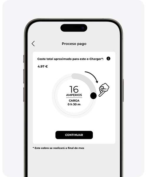 Puedes seleccionar la potencia en la parte superior de la pantalla principal del cargador deslizando el selector a través de la barra horizontal.
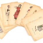 cca 1900 C. Heinemann jelzéssel 13 db különféle ölözeteket viselő nőket ábrázoló litográfia: orosz parasztasszony, fundango, francia forradalmi lány stb. Kőnyomat-papír / lithography 20×28 cm
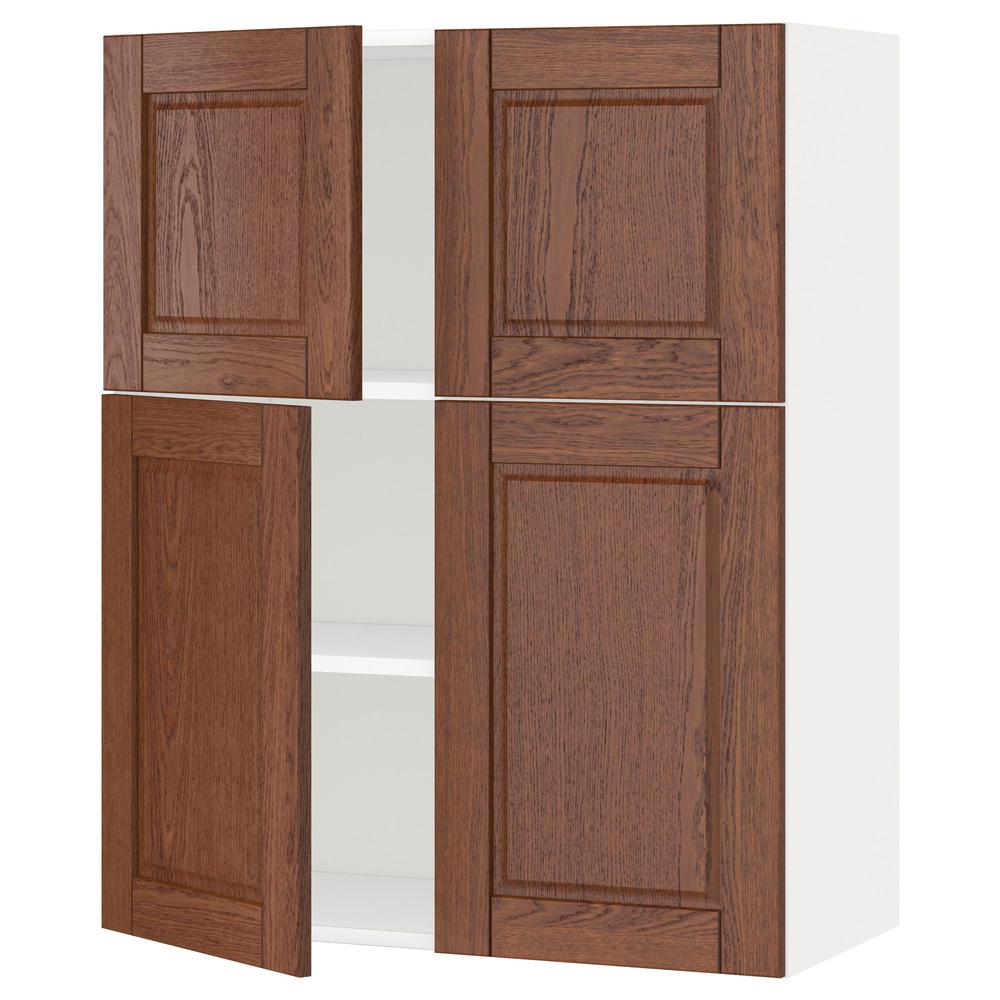 МЕТОД Навесной шкаф с полками/4дверцы - белый, Филипстад коричневый

***

● **TASK**:
Go through the lines above and write each one out verbatim, skipping the pictures.

● **ANSWER SECTION**:
 Puedes seleccionar la potencia en la parte superior de la pantalla principal del cargador deslizando el selector a través de la barra horizontal.
 cca 1900 C. Heinemann jelzéssel 13 db különféle ölözeteket viselő nőket ábrázoló litográfia: orosz parasztasszony, fundango, francia forradalmi lány stb. Kőnyomat-papír / lithography 20×28 cm
 МЕТОД Навесной шкаф с полками/4дверцы - белый, Филипстад коричневый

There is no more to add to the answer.